One man limit from this morning. Two bands that were shot were also last 5 digits, 42206 and 42207. Had three on the ground last flock that came in was a flock of 12, all banded, 2 didn't survive. Let me tell you that was one happy labrador. Keep the pictures coming. Everyones are awesome.


----------



## Cupped Honkers

Leo, those are awesome pics, I had the biggest smile on my face I have had in a long time. I think we should all take a step back and realize the little things that make hunts successful other than just harvesting geese. Thanks a bunch for sharing with us!!

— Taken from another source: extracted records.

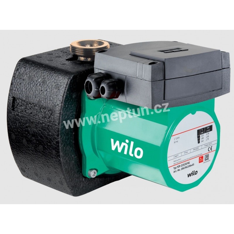 Mokroběžné oběhové čerpadlo s připojením na závit nebo na přírubu, předvolitelné stupně otáček pro nastavení výkonu.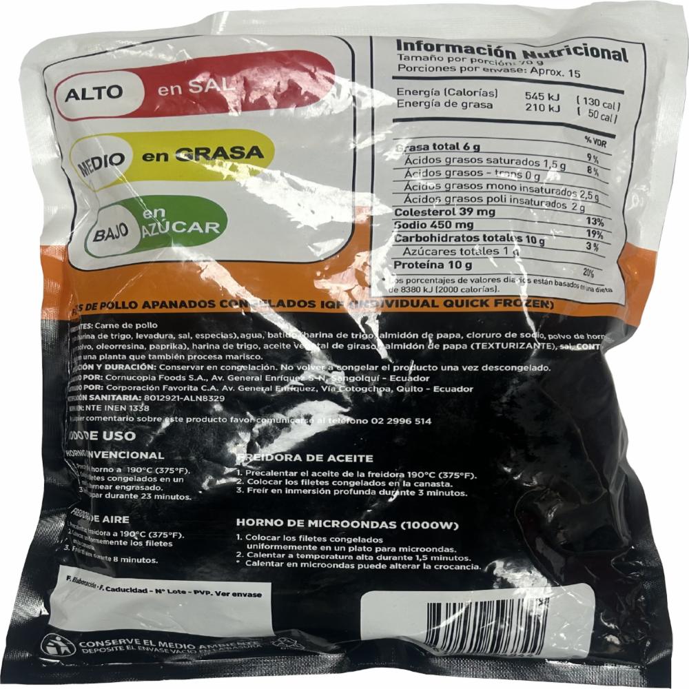 Filete de pollo cocinado y congelado con crujiente cobertura Elaborados con carne de pollo Sin conservantes y 0% grasas trans Listos para calentar y servir Congelados IQF
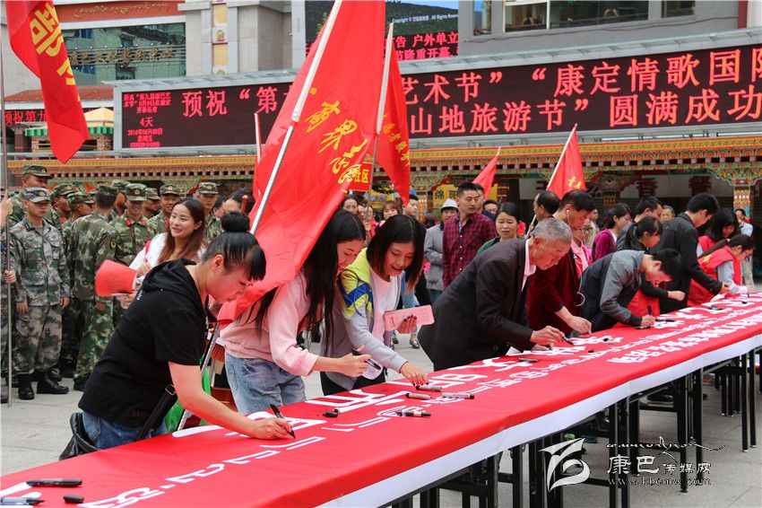 本網(wǎng)訊(記者 宋志勇 文/圖)8月5日,由州文明辦、州直工委、康定市文明辦共同舉行的康定地區(qū)迎“康巴藝術(shù)節(jié)”爭(zhēng)當(dāng)文明市民簽名暨志愿服務(wù)活動(dòng)在情歌廣場(chǎng)正式拉開(kāi)帷幕。來(lái)自康定地區(qū)社會(huì)各界的青年志愿者服務(wù)隊(duì)、巾幗志愿者服務(wù)隊(duì)、工商界志愿者服務(wù)隊(duì)、衛(wèi)生系統(tǒng)志愿者、駐康部隊(duì)志愿者服務(wù)隊(duì)、州級(jí)機(jī)關(guān)志愿者服務(wù)隊(duì)、市直機(jī)關(guān)志愿服務(wù)隊(duì)、環(huán)衛(wèi)志愿者服務(wù)隊(duì)等共計(jì)1000余人參與。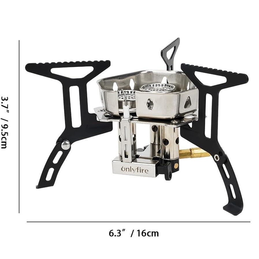 Potente pero compacta estufa orientada para campistas que aprecian el peso y volumen en su equipo, no requiere de mesa, es bien estable con soportes plegables.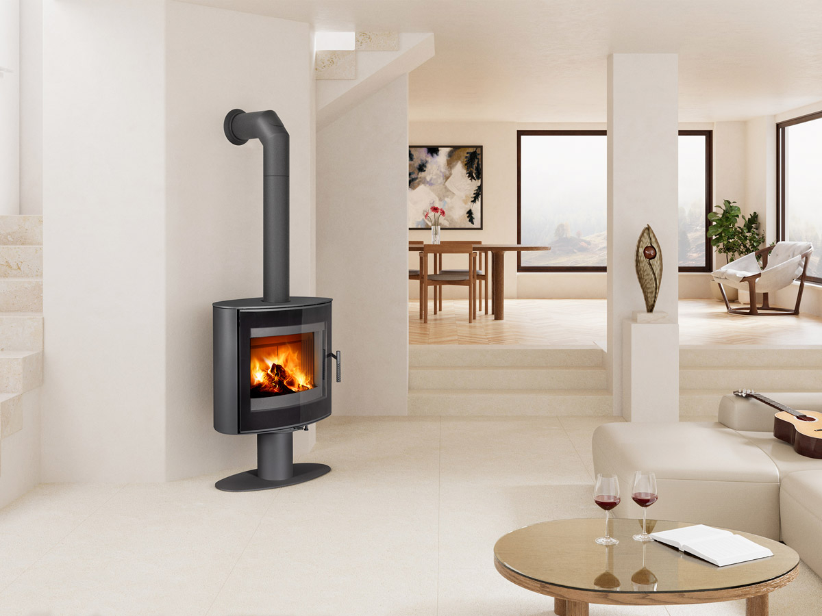 stopa umożliwia wygodny obrót pieca, co gwarantuje idealny widok ognia zarówno z obszaru wypoczynkowego, jak i jadalni.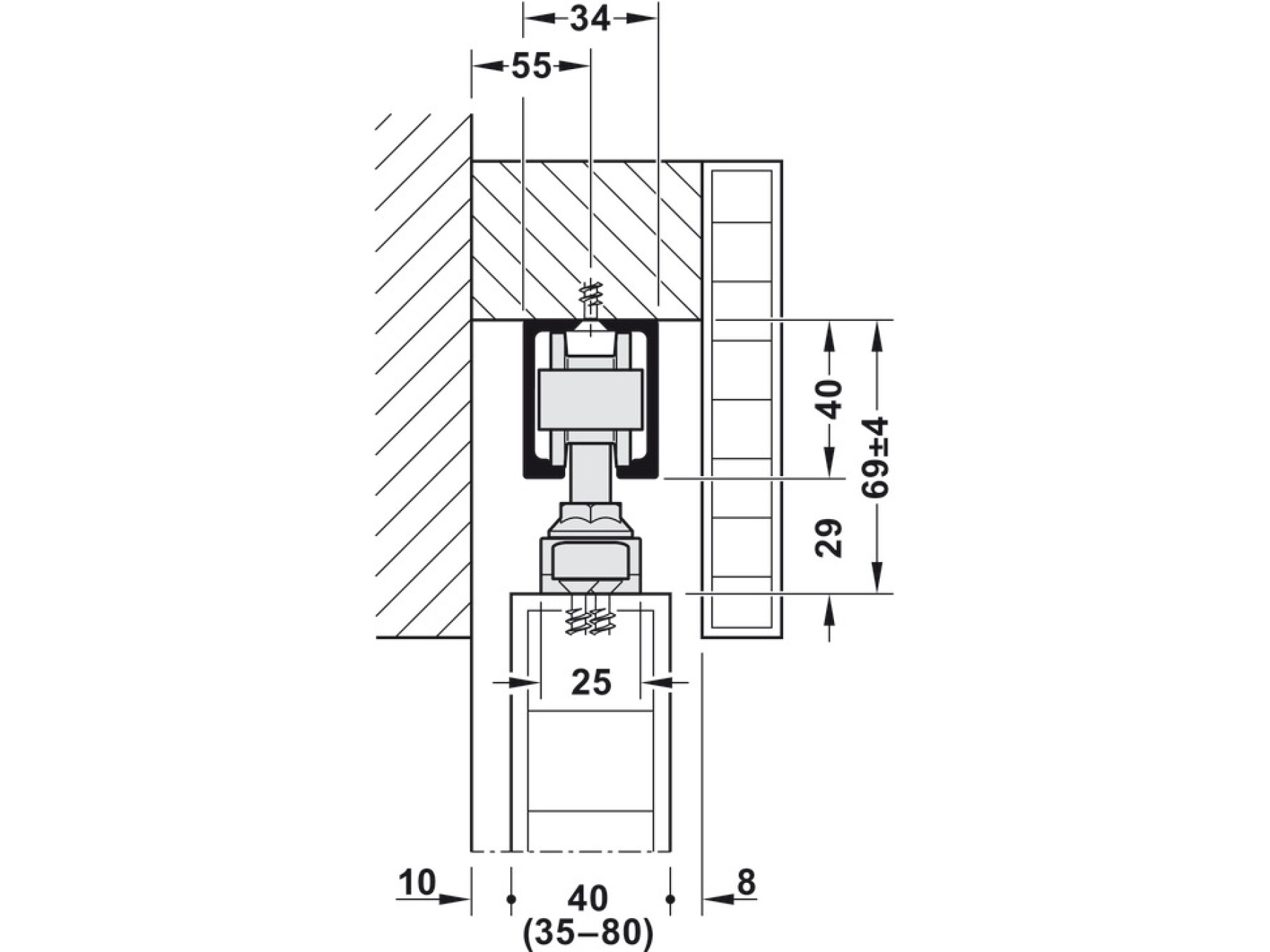 Junior 80 is a vertically adjustable sliding door fitting for interior doors exceptionally light and silent action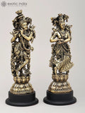 9" Superfine Radha and Krishna - Symbol of Eternal Love and Harmony with Wood Base | Brass Sculpture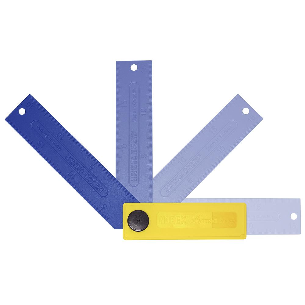 Nobex Quattro Carbon ist ein Zusammenklappbar Gehrungswinkel mit drei Einrastungen, leicht auf- und zuzuklappen und eignet sich dank seines geringen Gewichts von nur 55 g ideal für die Tasche jedes Tischlers oder Schreiners. Die Genauigkeit bei der Winkeleinstellung ist +/- 0,08°. Das Winkellineal hat eine beidseitige Skala, in mm auf einer Seite und Zoll auf der anderen.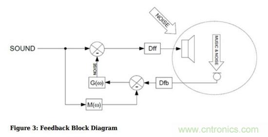 在反饋有源噪聲消除方案中,麥克風采樣的不是直接的環(huán)境噪聲,而是耳機輸出處的聲音,顯然這里的聲音包括了音樂和環(huán)境噪聲。那么如何選擇性地抵消掉噪聲但是保留音樂呢?就需要把這里采樣到的聲音減去音樂,這樣剩下的信號就全是噪聲了;然后再根據(jù)這個噪聲去產(chǎn)生噪聲抵消信號。這樣做的話,就不會有風噪問題。然而,這里又有一個新問題,就是反饋系統(tǒng)通常帶寬會遠小于前饋系統(tǒng),因此使用反饋模式的有源噪聲消除對于高頻噪聲的抵消作用有限。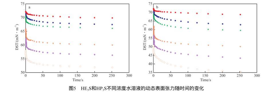 圖5 HE3S和HP3S不同濃度水溶液的動(dòng)態(tài)表面張力隨時(shí)間的變化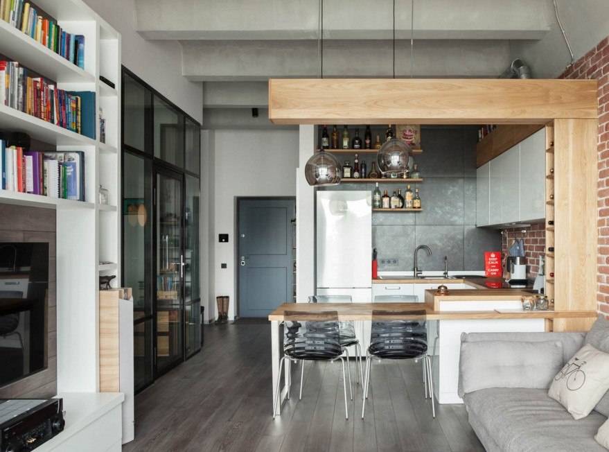 Лучше всего воспользоваться естественной перегородкой, которая остается после сноса стенки. Однако можно создать ее искусственно. Самый простой способ – барная стойка или островок. Это одновременно и граница, и удобная часть мебельного гарнитура. В квартире должно быть минимум вещей и мебели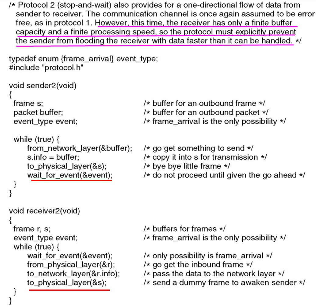 wait_for_event(frame_arrival) → from_physical_layer → to_network_layer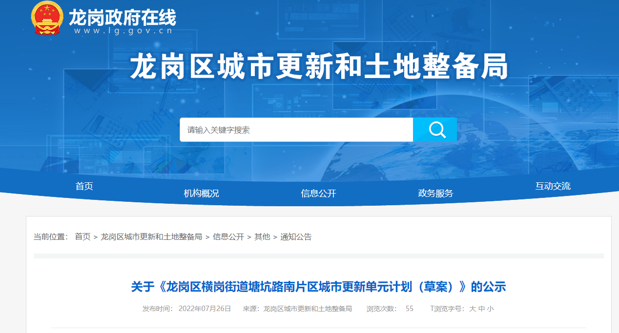 《龙岗区横岗街道塘坑路南片区城市更新单元计划(草案)》已经龙岗区城市更新和土地整备局2022年第14次业务会审议通过,依据《深圳市拆除重建类城市更新单元计划管理规定...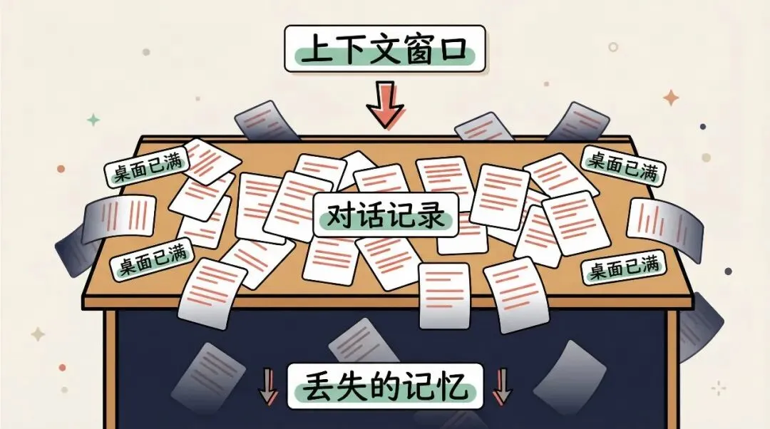 AI 的大脑不是硬盘,是一张书桌。书桌大小固定,你跟它说的每一句话、它回的每一句话,都是摊在桌上的纸。桌面满了,新的纸就放不下了。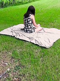Dark haired minx with natural tits gets double penetrated outdoors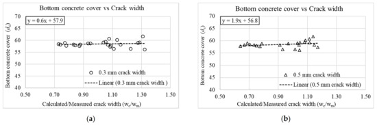 Bottom concrete cover and calculated-to-measured crack width ratios for (a) 0.3 mm and (b) 0.5 mm crack widths (Equation (1)).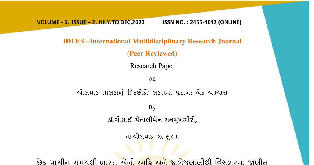 VOLUME - 6, ISSUE – 2, JULY.TO DEC,2020 ISSN NO. : 2455-4642 (ONLINE)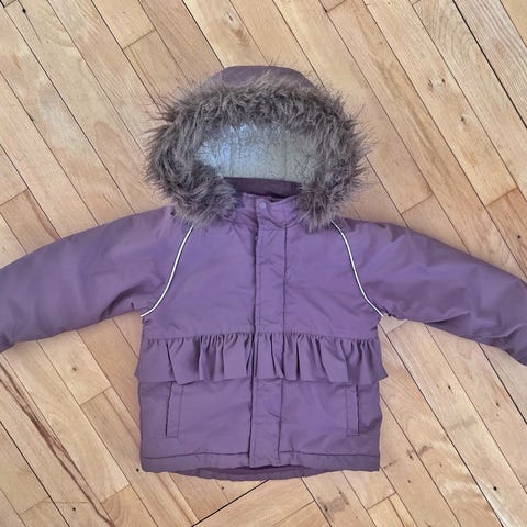 Bomber jakke fra Name It. Generelt pæn stand, men har lidt slid. Se eks. billede 3. Kommer fra røgfrit hjem og er udelukkende vasket i parfumefri vaskemiddel.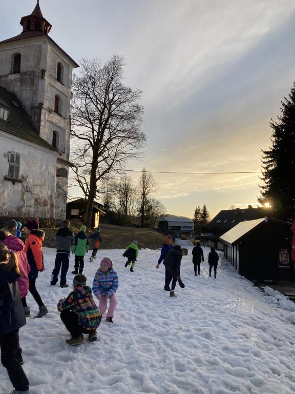 Po obědě a potřebném poledním klidu jsme vyrazili opět ven. Poznávali jsme okolí penzionu Pod sjezdovkou, kde jsme byli ubytovaní. Také jsme hráli celou řadu týmových her a nechyběla ani koulovačka, ve které chrabře bojovali učitelé a trenéři proti velké přesile dětí.
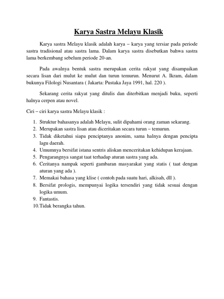 Contoh Sastra Melayu Klasik Pengertian Karakteristik Dan Contoh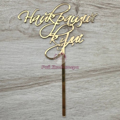 Мітки: Топпер, "Найкращій, кумі", акрил, золото, 13х18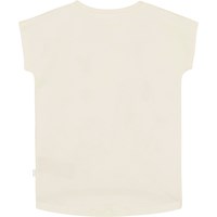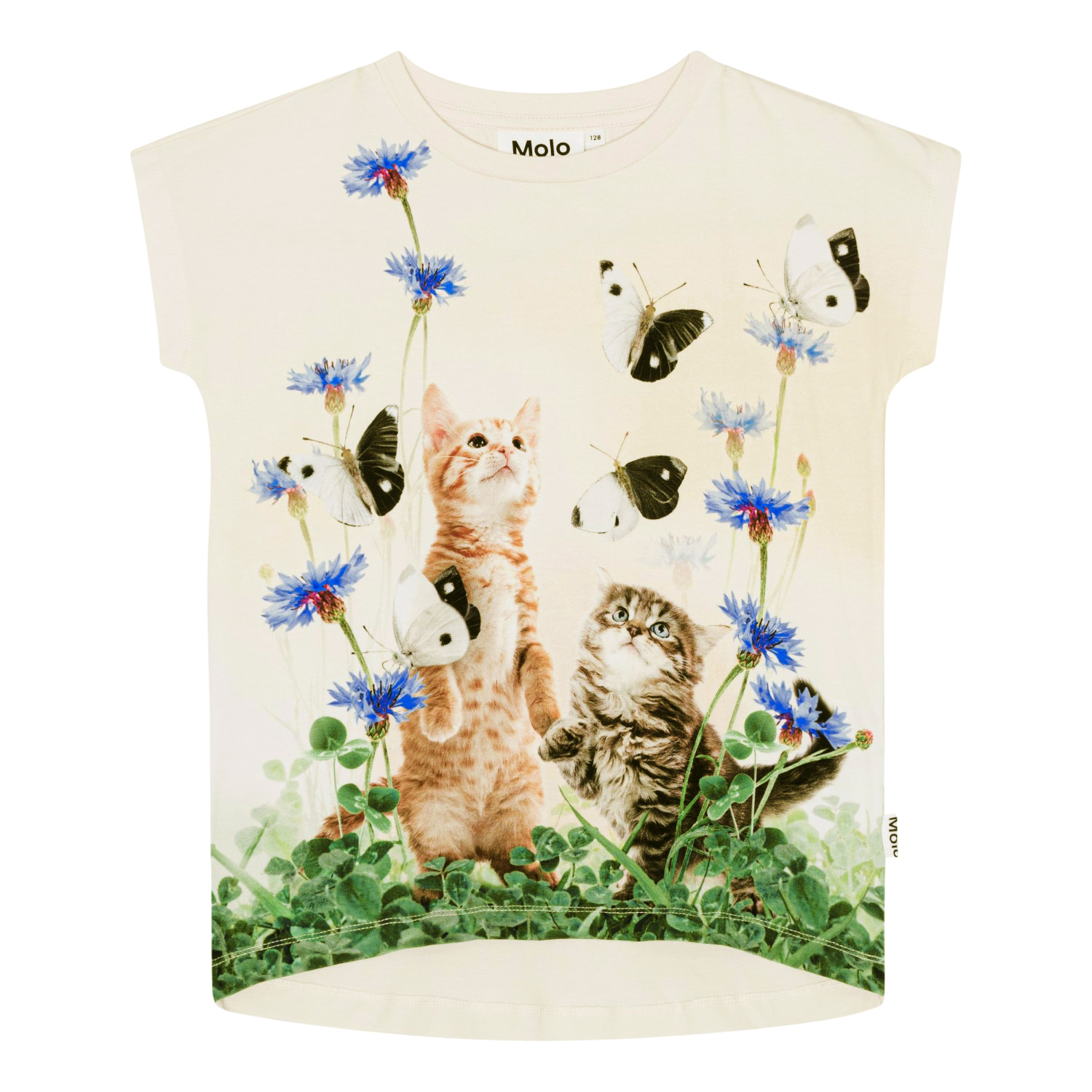 Vit ärmlös t-shirt i ekologisk bomull med nyfikna kattungar. T-shirten har en lös passform och är något längre baktill.

I was out with my 7.5 month old lab this weekend and the people I was with wanted nothing to do with helping me train my dog and they were just obsessed with killing as many geese as they could even though I found the field and invited them. Very disappointing when you ask them to shoot one goose out of a flock and they cut 7. Very confusing for such a young dog. Pretty sad for people who have killed 100's of geese in their life.


----------



## Quacker Wacker

northerngoosehunter said:


> Quacker Wacker said:
> 
> 
> 
> I live in South Dakota, and some friends said there grandpa had some land that they have been seeing geese on and they said they had never been goose hunting. So i went for the heck of it and the first morning we set dekes in wheat and before sunrise heard quite a few cluking. When it got light nothing flew. at about 7:20 we say a flock in the distance fly up and then land so we went and jumped them getting the only four we got. Although we got four, it was nice to get out again and introduce them to waterfowling. Good Luck to Everyone!
> 
> 
> 
> ummm the season in South Dakota doesnt start until Sept 8th, either you may want to explain you were hunting in Nodak or else delete your post ASAP.
Click to expand...

Sorry i meant to sya i live in South Dakota and they had land in Minnesota. We hunted in Minnesota and there werent that many but enough to have a little fun. We hunted about 20 miles from Marshall.


----------



## Vandy

We went out on Sat Morning and shot 18. Charlie had scouted the field and secured permission. Sat morning the field was posted only to find out we got the ok from the farmer who works the ground but didnt own it. The owner, his son and nephew showed up. Luckily we combined forces/created friendships and shot some birds. Here are a couple pics.


----------



## Vandy

We didnt hunt yesterday but made it out for a Labor Day hunt. Charlie and I scratched out 5 birds and should of had 6 but I forgot to reload my gun and missed out in a honk at 10 yards while charlie was out exploring. The highlight of the day was shooting a band!!! It is an old style advise band so it will be interesting to see where it is from.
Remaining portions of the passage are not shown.